Inferno (operating system)
Inferno is a distributed computer operating system that comes from the Bell Laboratories.
Inferno is based on Plan 9, an operating system that follows the Unix philosophy that every communication has to be done with the operating system files. For the original design of Inferno among others, the developer Rob Pike and Dennis Ritchie were responsible.
Inferno is written in the C programming language. However, the language Limbo is used for programming of application programs such as Java bytecode produced, which is executed by a virtual machine. Inferno has minimal hardware requirements: it will run on systems without a memory management unit and only 1 MB of memory.
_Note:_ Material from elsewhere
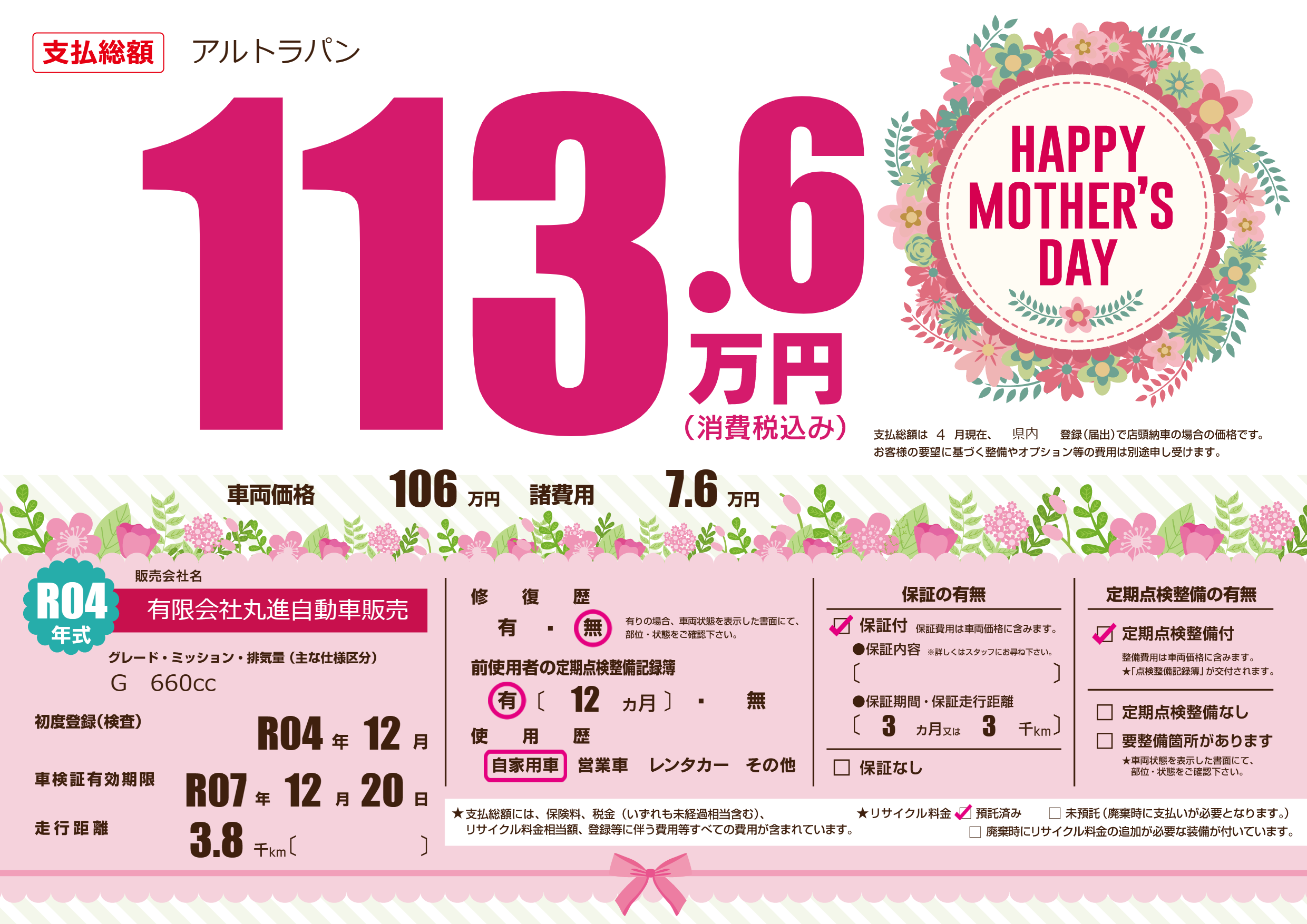 | 走行キロ | 0.3万km | 初年度登録 | R04年12月 |

Each user program communicates with its environment via virtual files that can also display devices, process information, network connection points, etc. in addition to normal files. Through a common protocol, Styx, can be accessed locally and over the network. The protocol allows the passage of the Dateihierachie ( "walk" = walk ) and the classic file operations such as "read" (read) and "write" (write). Access to devices is accomplished via file name, such as / dev / mouse ( mouse) or / dev / screen ( screen). The screen and the mouse can be there on another computer, the access happens transparently over the network. Each application program sees it his own version of a file or device. / dev / mouse, for example, only provides data to the application program when the associated window is active.
Inferno is like Unix delivered in the 1970s with a complete development environment including C compiler. It runs as a standalone operating system on computers with multiple processors such as x86, Intel XScale, IBM PowerPC, PA -RISC, ARM, StrongARM, MIPS and Sun SPARC. In addition, the operation is possible on a host system such as Linux ( x86), FreeBSD, Solaris, or Plan 9, experimentally on Android smartphones. Even under the Microsoft Internet Explorer, it runs with the help of a plug-in. Since the bytecode of Limbo applications is the same for each architecture, Inferno applications can run anywhere without recompilation.
Inferno has been marketed since 2000 by Vita Nuova Inc., York, England and further developed. The source code is available with a GPL -like license.